- Born: 27 April 1919 Grabsten, Kreis Memel [de]
- Died: 23 August 1987 (aged 68) Nijmegen
- Education: University of Göttingen
- Known for: Systematics and biology of Acari
- Spouse: Margarethe Lukoschus-Eichmann
- Children: 3
- Scientific career
- Fields: Acarology
- Workplaces: University of Göttingen, Catholic University of Nijmegen
- Thesis: (1946)

= Fritz Lukoschus =

German zoologist (1919-1987)

Fritz S. Lukoschus (1919-1987) was a German zoologist studying the systematics and biology of the Acari. Over the course of his career he published over 200 scientific articles, describing more than 90 species new for science. Lukoschus was born in April 1919 in Grabsten (Kreis Memel, present-day Lithuania) in April 1919. He obtained his PhD in 1946 from the University of Göttingen on a thesis on the development of castes in the European honey bee.
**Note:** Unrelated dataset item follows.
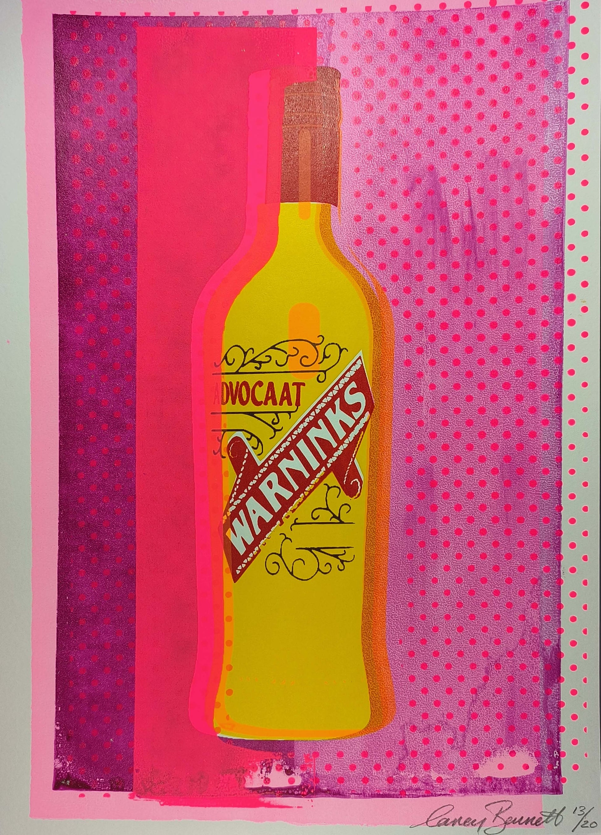 This A4 multi layered screen print evokes hazy, happy memories of my Grandad slipping me a secret (very small) 'snowball'. The prints intentionally alter to reflect the way that our memories of events change with time. Vibrant colours and distortion echo happy tinsel filled childhood Christmases. Each print is deliberately unique.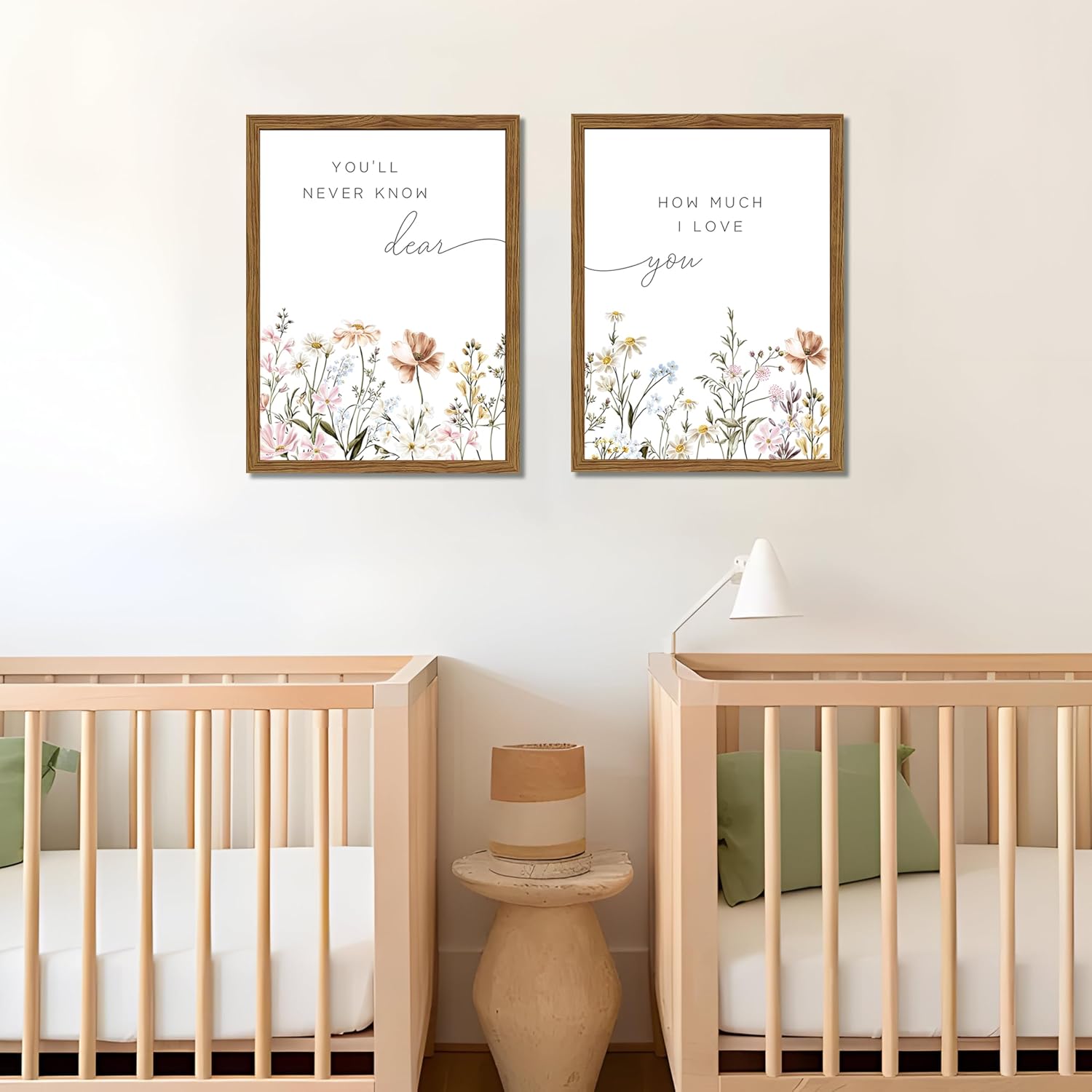 【Baby Girl Nursery Decor】 – Designed for nursery decor for girls, this wildflower baby nursery decor set beautifully complements baby wall decor, toddler girl room decor, and boho girls room decor. This beautiful set of 2 frame also features the touching message “You’ll Never Know Dear How Much I Love You,” bringing a daily dose of love and encouragement to your space—making it both visually calming and emotionally meaningful.

After working at the University of Göttingen until 1953, he worked at several institutions before being recruited by the Catholic University of Nijmegen in 1962 where he stayed until his retirement in 1984. Lukoschus died suddenly in August 1987.
The genera Lukoschus and Lukoschuscoptes (which was placed in the subfamily Lukoschuscoptinae) were named after him.